Additional InformationThe Court referred the points which should be kept in mind while applying the Section 89 of the Code: (i) If the reference is to arbitration or conciliation, the court has to record that the reference is by mutual consent. Nothing further need be stated in the order sheet. (ii) If the reference is to any other ADR process, the court should briefly record that having regard to the nature of dispute, the case deserves to be referred to Lok Adalat, or mediation or judicial settlement, as the case may be. There is no need for an elaborate order for making the reference. (iii) The requirement in Section 89(1) that the court should formulate or reformulate the terms of settlement would only mean that court has to briefly refer to the nature of dispute and decide upon the appropriate ADR process. (iv) If the Judge in charge of the case assists the parties and if settlement negotiations fail, he should not deal with the adjudication of the matter, to avoid apprehensions of bias and prejudice. It is therefore advisable to refer cases proposed for Judicial Settlement to another Judge. |
Conclusion
- The Court held that the trial court did not adopt the proper procedure while enforcing Section 89 of the Code.
- Failure to invoke Section 89 suo moto after completion of pleadings and considering it only after an application under Section 89 was filed, is erroneous.

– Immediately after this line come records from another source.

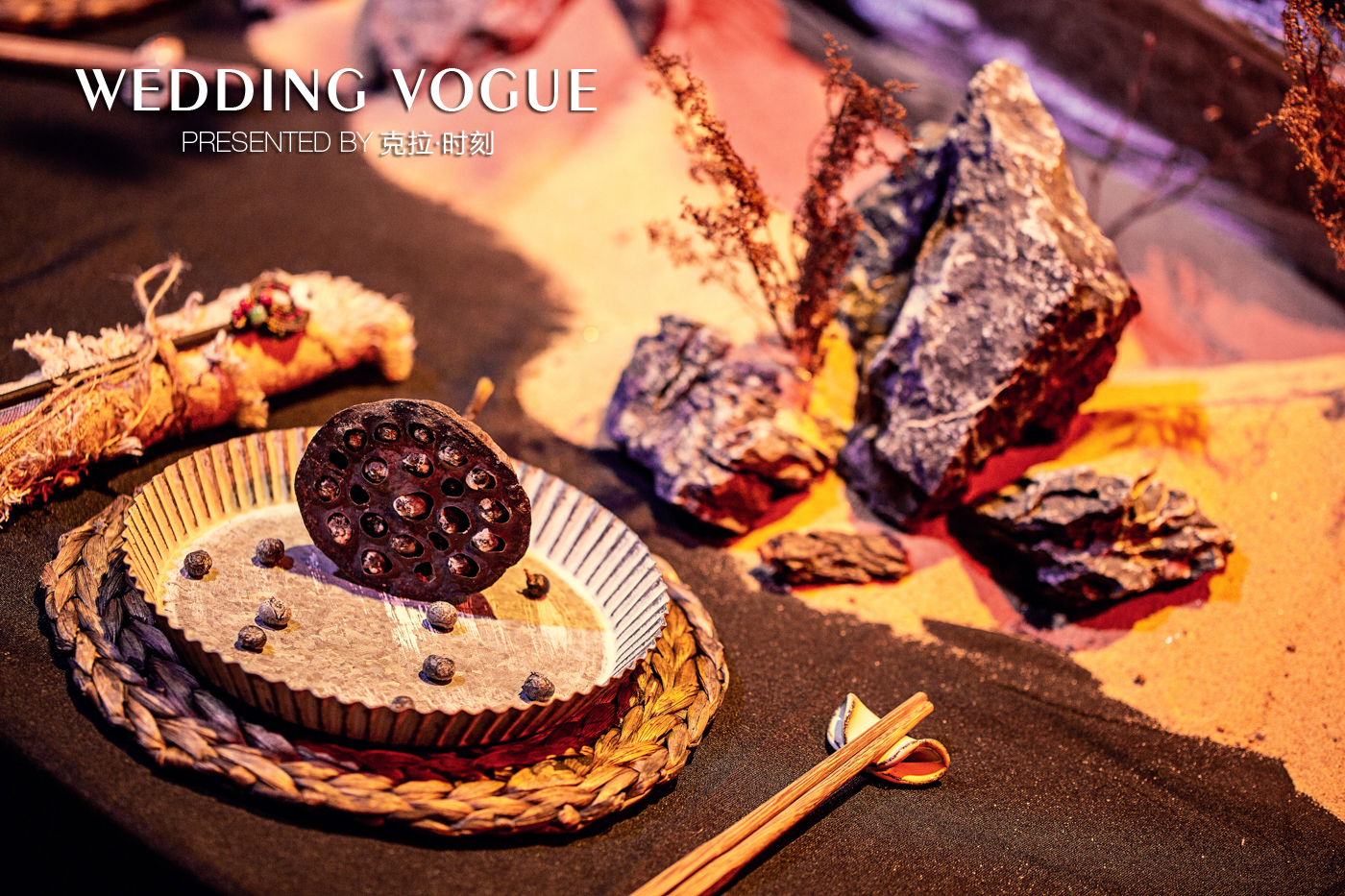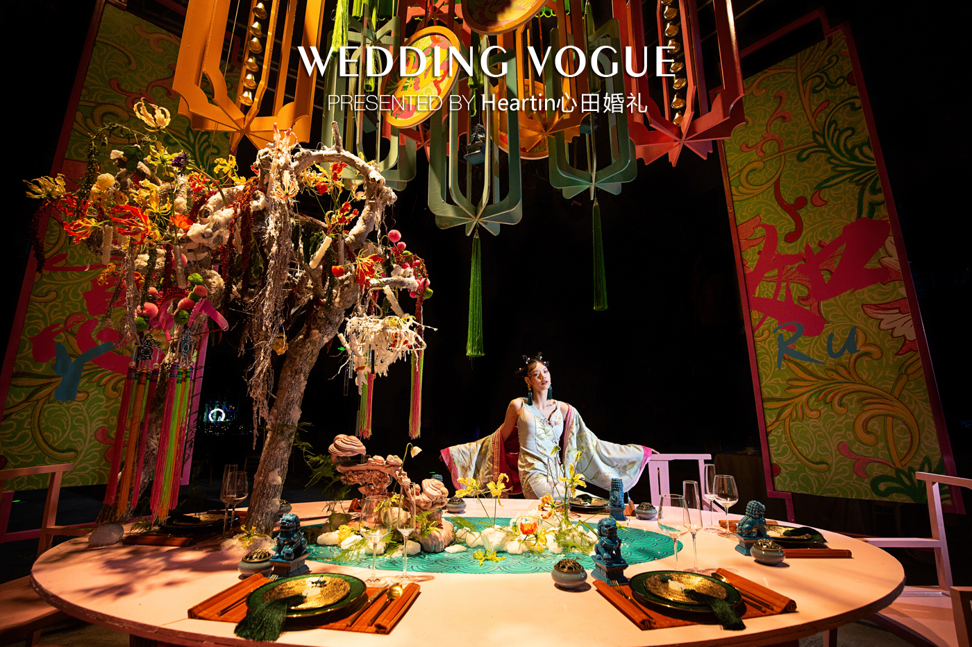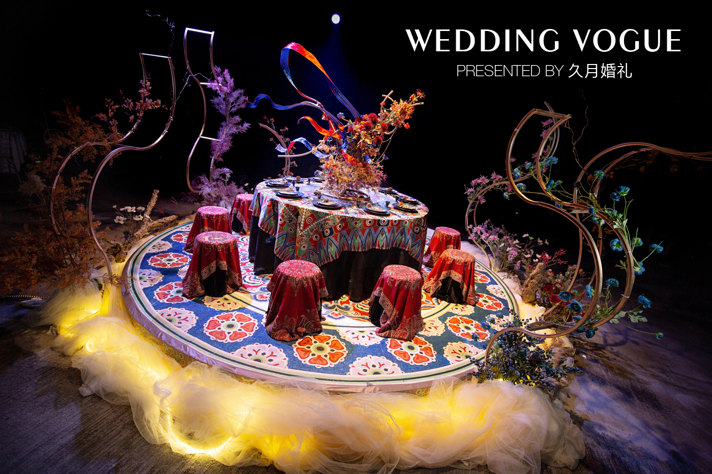 餐桌的整体设计旨在展现敦煌独特的西域文化与风情,设计师将敦煌的天神-飞天女带入诠释中国新娘之美。整个设计采用红、黄、蓝三种中国传统的代表彩色,来诠释西域的民族特色,细节上则通过铁艺的制作来展现飞天女的灵动柔美。
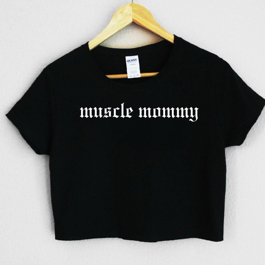 This crop top is vinyl printed with "MUSCLE MOMMMY" with a bottom cut raw hem
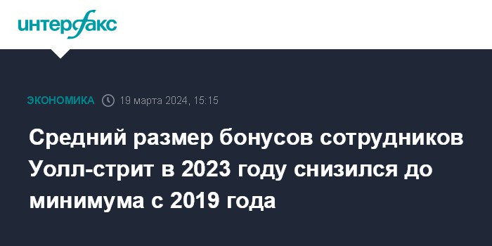 Средний размер бонусов сотрудников Уолл-стрит в 2023 году снизился до минимума с 2019 года
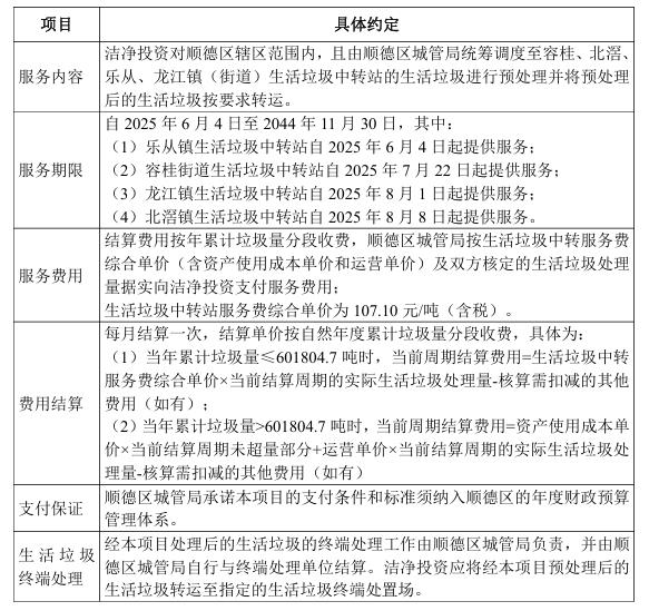 据介绍,洁净投资拥有佛山市顺德区容桂、北滘、乐从、龙江镇(街道)的生活垃圾中转站资产,并与佛山市顺德区城市管理和综合执法局(简称“顺德区城管局”)签署《顺德区生活垃圾中转服务合同书》,为容桂、北滘、乐从、龙江镇(街道)提供生活垃圾中转服务以收取服务费。主要内容包括:
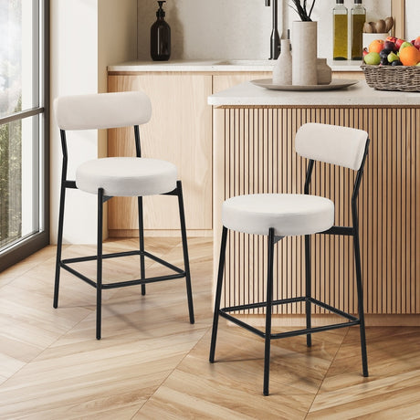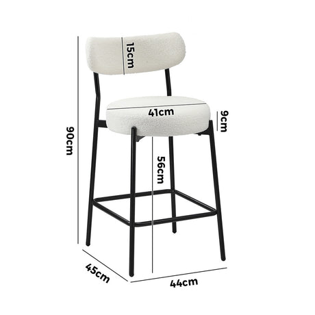 Oikiture 2x Bar Stools Kitchen Dining Stool Boucle Fabric White
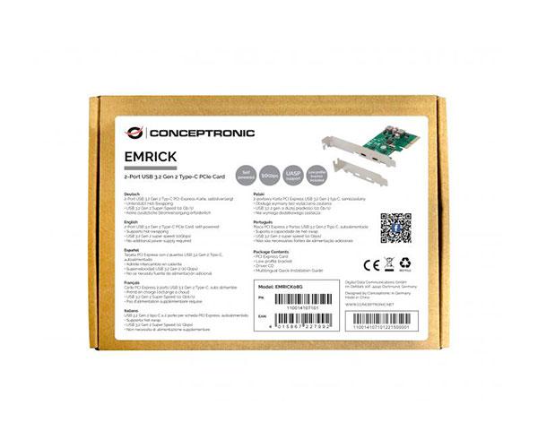 CONTROLADORA CONCEPTRONIC PCI EXPRESS 2 PUERTOS USB 3.2 EMRICK 08G Esta tarjeta PCI Express le permite agregar fácilmente 2 puertos SuperSpeed ??USB 3.2 Gen 2 adicionales a su computadora de escritorio. Tiene una velocidad de datos máxima de 10 Gbs, lo que lo hace muy rápido y capaz de copiar archivos o documentos grandes hacia y desde su computadora de escritorio. Simplemente coloque la tarjeta PCI Express USB 3.2 Gen 2 en la ranura Express Card de su computadora, instale los controladores incluidos y ¡listo! *No es compatible con la ranura PCI-Express x1 – Agregue 2 puertos USB-C a su computadora de escritorio – USB 3.2 Gen 2 supervelocidad (10 Gbps) – No requiere fuente de alimentación adicional – Admite intercambio en caliente – Soporta UASP Sistemas operativos compatibles Windows:
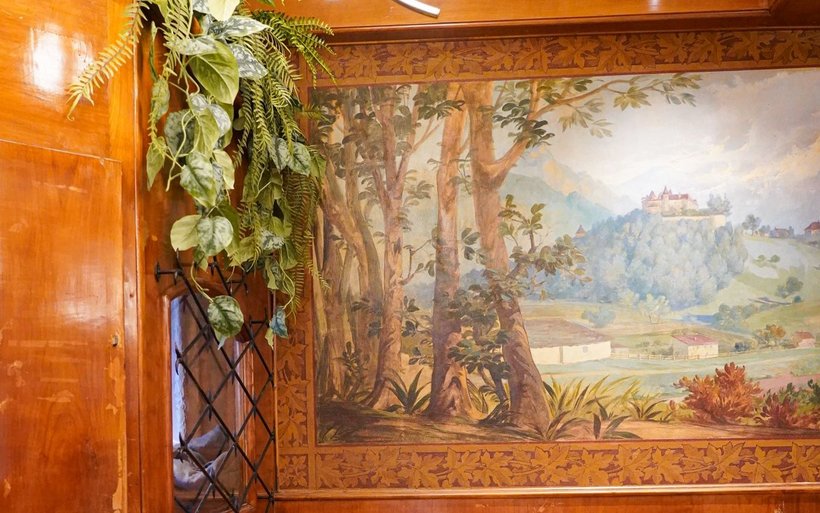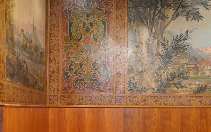Retour au rez. Ces travaux ont aussi permis de découvrir de belles surprises, comme le parquet d’origine et les boiseries d’époque. Et surtout: ces magnifiques peintures murales datant de 1901, signées d’un artiste piémontais Joseph Ferreiro. «Ces fresques avaient totalement disparu de la mémoire collective bulloise. Seule une partie de celle représentant le château de Gruyères était restée apparente, tandis que les autres avaient disparu sous d’épaisses couches de crépis et de peinture. Les restaurateurs d’art ont passé quatre à cinq mois à gratter au cutter pour les révéler», relate Georges Prost.

- And held that a civil court exercising power under Section 89 of the Code cannot refer a suit to arbitration unless all the parties to the suit agree for such reference.
Notes
Section 89 of the Code of Civil Procedure, 1908, Settlement of disputes outside the Court.- (1)Where it appears to the court that there exist elements of a settlement which may be acceptable to the parties, the court shall formulate the terms of settlement and give them to the parties for their observations and after receiving the observations of the parties, the court may reformulate the terms of a possible settlement and refer the same for.-
(a) arbitration;
(b) conciliation;
(c) judicial settlement including settlement through Lok Adalat; or
(d) mediation
(2) Where a dispute has been referred-
(a) for arbitration or conciliation, the provisions of the Arbitration and Conciliation Act, 1996 shall apply as if the proceedings for arbitration or conciliation were referred for settlement under the provisions of that Act;
(b) to Lok Adalat, the court shall refer the same to the Lok Adalat in accordance with the provisions of sub-section (1) of section 20 of the Legal Services Authorities Act, 1987 and all other provisions of that Act shall apply in respect of the dispute so referred to the Lok Adalat;
(c) for judicial settlement, the court shall refer the same to a suitable institution or person and such institution or person shall be deemed to be a Lok Adalat and all the provisions of the Legal Services Authorities Act, 1987 shall apply as if the dispute were referred to a Lok Adalat under the provisions of that Act;
(d) for mediation, the court shall effect a compromise between the parties and shall follow such procedure as may be prescribed.